Il est intéressant de constater les positions du lobby du sucre sur ces aspects de santé publique. Sur son site, il nie le lien entre diabète et consommation de sucre : « il n’y a pas de lien entre la consommation de glucides en général […] et le diabète », minimise le lien avec le cancer du sein: « ces mêmes pays ont d’autres facteurs de risque connus de cancer du sein, et à un niveau élevé : puberté précoce, stature moyenne élevée, polluants environnementaux » et nie le pouvoir addictif du sucre: « L’idée d’une addiction au sucre est très largement répandue. C’est parce que le terme d’addiction est souvent utilisé pour parler d’appétit incontrôlable pour les aliments palatables. ». Si le sucre n’est pas dangereux, on se demande alors pourquoi de nombreux édulcorants de synthèse sont apparus ces derniers temps tels que l’aspartame ou la stevia…

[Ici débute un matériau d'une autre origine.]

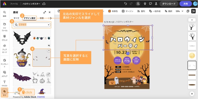 気に入った写真素材が見つかったら、早速ハロウィンのデザインを作成してみましょう。

Ces édulcorants, justement, défrayent de temps en temps la chronique. À ce jour, les études sur le sujet ne semblent pas faire de lien entre les édulcorants et de risques accrus de cancers ou de diabètes. Cependant de récentes études identifient un risque accru de naissances prématurés lié à la consommation d’édulcorants.
Obésité
Le développement de l’obésité est récent et touche plus particulièrement les pays les plus riches. Ce développement peut s’expliquer par la profusion de nourriture disponible et le faible coût pour y accéder. Le fait qu’une partie de l’humanité dispose de plus de nourriture que nécessaire est un fait nouveau dans l’histoire de l’Humanité. Cependant, même si un accès facilité à la nourriture est un début d’explication, cela ne dit pas, par exemple, pourquoi les populations pauvres parmi les pays riches sont paradoxalement les plus touchées. Des facteurs, propres au style de vie, stimulent la prise de nourriture tels que la consommation d’alcool, le manque de sommeil et regarder la télévision.

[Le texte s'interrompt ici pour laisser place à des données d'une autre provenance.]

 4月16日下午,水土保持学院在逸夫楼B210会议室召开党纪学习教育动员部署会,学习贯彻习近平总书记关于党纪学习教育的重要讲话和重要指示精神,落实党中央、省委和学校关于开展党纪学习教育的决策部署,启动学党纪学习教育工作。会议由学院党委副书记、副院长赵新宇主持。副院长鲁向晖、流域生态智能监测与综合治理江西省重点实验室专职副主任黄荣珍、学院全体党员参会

Une enquête épidémiologique réalisée par Roche avec l’INSERM et TNS en 2009, sur l’obésité note que « la prévalence de l’obésité rest[e] parallèlement inversement proportionnelle au niveau d’instruction » (p. 20 et 29). De même, sur l’influence des revenus « il existe une relation inverse entre revenus du foyer et prévalence de l’obésité » (p. 30)
L’influence de la télévision sur l’obésité chez les enfants est connue depuis 1985, dans une étude parue dans Pediatrics. Toutes choses égales par ailleurs (c’est-à-dire en corrigeant les différences dues aux conditions socio-économiques, à la structure de la famille, à des précédents d’obsésité, …), une autre étude a montré que les enfants ont de 2,3 à 12,1 fois (en moyenne 5,3 fois) plus de risque d’être obèses s’ils regardent la télévision plus de 5 heures par jour par rapport à ceux qui la regarde de 0 à 2 heures par jour.
Une autre étude a montré que chez les enfants, une diminution du nombre d’heures passées devant la télévision (à regarder des programmes, des cassettes ou à jouer à des jeux vidéos) conduit à une perte de poids.
Enfin, afin de mesurer l’influence de la publicité sur les enfants, d’autres chercheurs ont demandé à des enfants de composer des menus après avoir vu des messages publicitaires (pour de la nourriture ou des jouets) suivis de dessins animés. Ils en arrivent à la conclusion que les enfants choisissent plus facilement des aliments gras ou sucrés après avoir vu des publicités pour la nourriture que pour les jouets. Les plus grands consommateurs de télévision sont ceux qui sont le plus affectés par ces influences.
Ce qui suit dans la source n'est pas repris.